Things you definitely never need

Wood glue or superglue

Violins sometimes come unglued round the edges or develop cracks. So why can’t you repair this yourself using wood glue? Luthiers use a very specialist glue to make and repair violins. This ‘hoof and hide’ glue has just the right properties: It shrinks when it dries, pulling the instrument together and it is a weak glue. This is crucial. Not only does the weak glue allow the violin to be unglued at a later date if necessary, it guards the instrument against cracks as it will separate rather than force the wood to stay glued. Imagine you are in a very dry climate. The wood of your violin shrinks with the low humidity. Your violin is glued together with superglue. What will happen? The glue will remain tight and the wood will split as it shrinks.

The specialist glue needed for violin repairs is reconstituted from granules and has a very short shelf life. An experienced luthier will regularly make fresh glue. The luthier will also have the specialist clamps needed to keep your violin together until the glue has dried.

Never try to glue your violin yourself: It just isn’t worth it. Bad repairs will significantly reduce the value of an instrument and will cost more to put right in the long run.

A sound-post adjuster

Adjusting your own sound-post is tempting. You know that it can make the violin work better, so why not learn to do this yourself? Violin repairers report significant damage to instruments from players who think they can make their own sound-post adjustments.
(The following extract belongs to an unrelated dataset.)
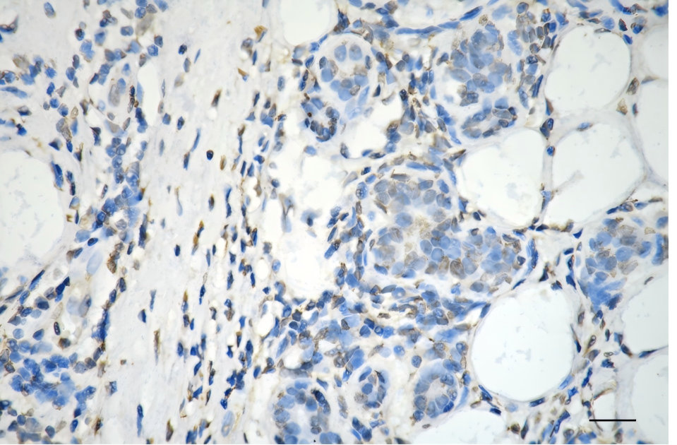 Immunohistochemistry was performed on paraffin-embedded human breast carcinoma using transglutaminase 2 antibody. Antigen retrieval was done in sodium citrate buffer (pH 6.0). DAB was used for detection, with hematoxylin counterstaining. Images were acquired using a Nikon Ci-L Plus microscope (40× objective). Scale bar: 25 μm.

On one hand, anyone with basic motor skills and an Amazon account can purchase the tool and move the post, but the truth is, the knowledge behind how and where to move it is hugely complex, and in an instrument that has a curved belly, actually making the post fit is a different matter. You do not need a sound-post tool any more than you need to attempt your own dentistry.

DIY repair is not a prerequisite of violin playing, and is rarely or never attempted by most top professionals. Ask friends or your teacher to recommend a luthier who is able to help you get the most out of your violin and leave the repairs to the specialist. Most small repairs are relatively inexpensive and a good luthier will be happy to discuss options before undertaking the work.